### Task description
From the records below, output exactly the lines running from the line containing "Белоснежный букет из" through the line containing "I've got the", and no others.

### Source data
===============
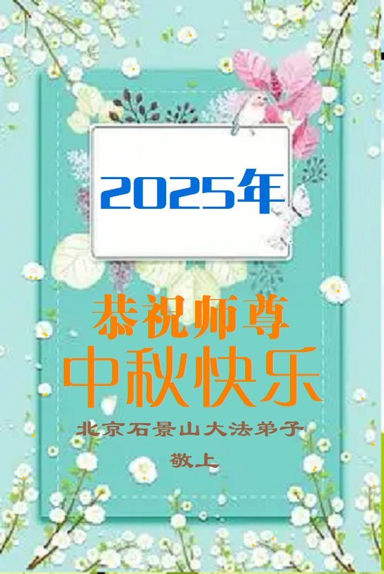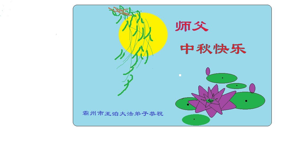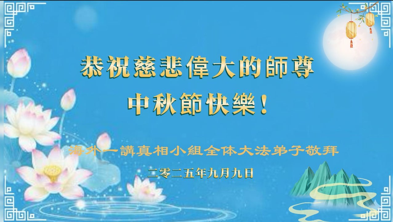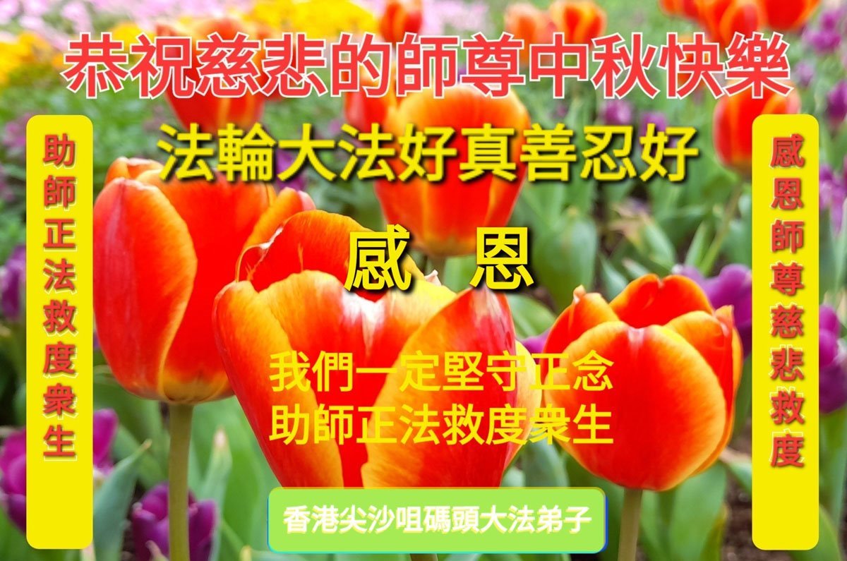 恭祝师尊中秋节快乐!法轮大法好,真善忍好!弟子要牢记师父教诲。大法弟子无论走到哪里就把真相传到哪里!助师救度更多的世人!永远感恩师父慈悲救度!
===============
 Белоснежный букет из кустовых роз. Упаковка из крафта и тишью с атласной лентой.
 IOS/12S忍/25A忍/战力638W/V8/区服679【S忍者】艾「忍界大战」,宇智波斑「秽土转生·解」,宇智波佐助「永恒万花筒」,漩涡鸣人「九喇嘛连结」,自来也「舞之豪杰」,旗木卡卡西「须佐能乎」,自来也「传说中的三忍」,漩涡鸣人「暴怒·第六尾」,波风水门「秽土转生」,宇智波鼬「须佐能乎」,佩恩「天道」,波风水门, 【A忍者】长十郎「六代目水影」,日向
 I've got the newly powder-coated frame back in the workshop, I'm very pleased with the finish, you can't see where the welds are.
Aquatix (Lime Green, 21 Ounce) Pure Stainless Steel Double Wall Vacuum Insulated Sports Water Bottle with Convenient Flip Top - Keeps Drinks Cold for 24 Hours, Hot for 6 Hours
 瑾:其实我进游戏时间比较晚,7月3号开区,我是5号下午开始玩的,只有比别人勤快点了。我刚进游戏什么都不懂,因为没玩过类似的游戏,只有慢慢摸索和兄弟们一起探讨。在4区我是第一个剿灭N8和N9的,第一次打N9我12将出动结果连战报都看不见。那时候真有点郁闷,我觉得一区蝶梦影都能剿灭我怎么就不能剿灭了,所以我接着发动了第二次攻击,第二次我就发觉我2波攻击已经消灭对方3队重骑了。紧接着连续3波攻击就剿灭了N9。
===============
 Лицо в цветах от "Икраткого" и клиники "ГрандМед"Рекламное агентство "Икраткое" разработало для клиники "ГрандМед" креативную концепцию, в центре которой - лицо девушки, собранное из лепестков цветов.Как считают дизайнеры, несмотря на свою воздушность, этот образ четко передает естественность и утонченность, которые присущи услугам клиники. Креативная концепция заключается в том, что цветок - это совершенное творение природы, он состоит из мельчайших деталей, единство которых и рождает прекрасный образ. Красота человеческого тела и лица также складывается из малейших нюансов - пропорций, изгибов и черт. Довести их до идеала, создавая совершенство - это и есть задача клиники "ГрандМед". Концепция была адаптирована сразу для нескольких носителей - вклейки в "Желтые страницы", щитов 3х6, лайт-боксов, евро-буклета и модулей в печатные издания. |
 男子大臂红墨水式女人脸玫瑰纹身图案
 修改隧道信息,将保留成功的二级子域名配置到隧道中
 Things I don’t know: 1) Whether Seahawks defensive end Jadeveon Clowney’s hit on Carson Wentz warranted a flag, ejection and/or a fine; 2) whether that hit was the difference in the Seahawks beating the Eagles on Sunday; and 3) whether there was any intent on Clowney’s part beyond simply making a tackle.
===============
### Reply
 Белоснежный букет из кустовых роз. Упаковка из крафта и тишью с атласной лентой.
 IOS/12S忍/25A忍/战力638W/V8/区服679【S忍者】艾「忍界大战」,宇智波斑「秽土转生·解」,宇智波佐助「永恒万花筒」,漩涡鸣人「九喇嘛连结」,自来也「舞之豪杰」,旗木卡卡西「须佐能乎」,自来也「传说中的三忍」,漩涡鸣人「暴怒·第六尾」,波风水门「秽土转生」,宇智波鼬「须佐能乎」,佩恩「天道」,波风水门, 【A忍者】长十郎「六代目水影」,日向
 I've got the newly powder-coated frame back in the workshop, I'm very pleased with the finish, you can't see where the welds are.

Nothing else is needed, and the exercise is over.